SEPARATE OPINION OF JUDGE SERGIO GARCÍA RAMÍREZ IN RELATION TO THE
JUDGMENT OF THE INTER-AMERICAN COURT OF HUMAN RIGHTS OF AUGUST 12,
2008, IN THE CASE OF HELIODORO-PORTUGAL (PANAMA)
1.
I concurred with the adoption of the judgment delivered in this case, which declared
that the facts that were subject to the temporal and material jurisdiction of the InterAmerican Court violated human rights. Nevertheless, I consider it pertinent to make some
additional observations on the principal fact sub judice, the forced disappearance of Mr.

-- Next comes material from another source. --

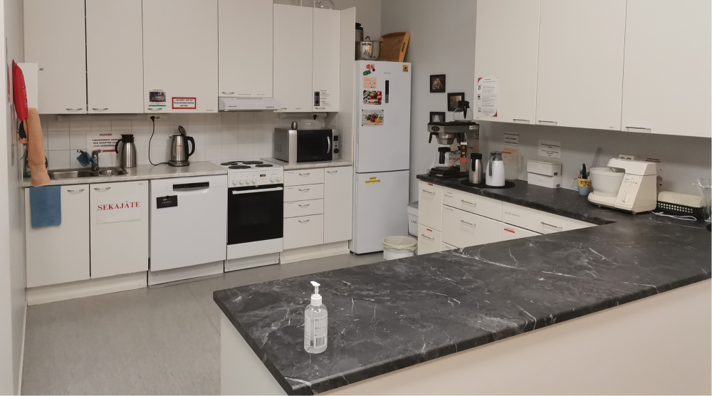 Tilojen varauksiin sisältyy myös keittiön käyttöoikeus. Keittiön varustukseen kuuluvat astiat, veden- ja kahvinkeitin sekä jääkaappi ja tiskikone.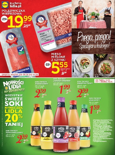 {loadposition linkLidl} Nowa gazetka promocyjna Lidl - "Prego, prego! Spróbujcie włoskiego!". Polecane promocje z gazetki Lidl: Polędwiczka wieprzowa 1 kg - 19,99 zł. Mięso mielone z szynki 500 g - 2,44 zł. Sok świeży ananasowy 250 ml - 2,39…

Portugal. This is the fact to which the Court paid most attention, because another extremely
serious fact – the deprivation of life by extrajudicial execution – was outside its jurisdiction
ratione temporis, taking into account the date on which it probably occurred and the date on
which the State accepted the Court’s compulsory jurisdiction.
2.
The frequency and relevance of the cases of forced disappearance submitted to the
Court’s consideration should be emphasized once again. The Court commenced the exercise of
its contentious jurisdiction several decades ago by hearing such cases. At that time, the 1994
Inter-American Convention on Forced Disappearance of Persons did not exist (nor did the
Inter-American Convention to Prevent and Punish Torture). Consequently, the Court had to
elaborate its own concepts in this regard, which would pave the way to the subsequent
thinking within the inter-American human rights system. The development of these concepts
by the Court in unique decisions – particularly, the well-respected judgment in the Velásquez
Rodríguez (Honduras) case – established the continuing (or continuous) nature of this
violation, involving multiple offenses, and this has had significant consequences for the
jurisdictional exercise.
3.
In these pioneering decisions, widely-known and often cited in America and in Europe,
the Court expressed its most energetic condemnation of the forced disappearances that State
agents – organized by “high spheres of power” or acting on their own initiative – have used to
repress groups or individuals they classify as enemies of the established order and, therefore,
targets of extraordinarily serious acts and omissions. This is just one more example of a
deplorable manifestation of certain concepts of public reaction against “enemies” selected by
the political powers for intimidation and punishment.
4.
In view of the fact that, nowadays, we have an inter-American instrument on forced
disappearance (in contrast to before 1994), we can and must use the definition that this
document provides. It includes the generally-recognized elements of this unlawful conduct.
Let us recall the words of Article II: “For the purposes of this Convention, forced
disappearance is considered to be the act of depriving a person or persons of his or their
freedom, in whatever way, perpetrated by agents of the state or by persons or groups of
persons acting with the authorization, support, or acquiescence of the State, followed by an
absence of information or a refusal to acknowledge that deprivation of freedom or to give
information on the whereabouts of that person, thereby impeding his or her recourse to the
applicable legal remedies and procedural guarantees.”
5.
I am not forgetting that this precept starts out by stating: “For the purposes of this
Convention” (which was also directly applied by the Court in the case which occupies my
attention at this time), and I will not take into account the possibility – which has not been
referred to and examined – that there could be another concept of forced disappearance for
different purposes than those of the 1994 Convention and, in brief, of the inter-American
corpus juris in accordance with which the Court exercises its material jurisdiction. Evidently, I
am not saying that it is impossible or undesirable to reformulate this definition. I am merely
noting that, currently, the Inter-American Court’s examination of cases is based on it, and this
is how the Court interprets the American Convention on Human Rights itself, when pertinent.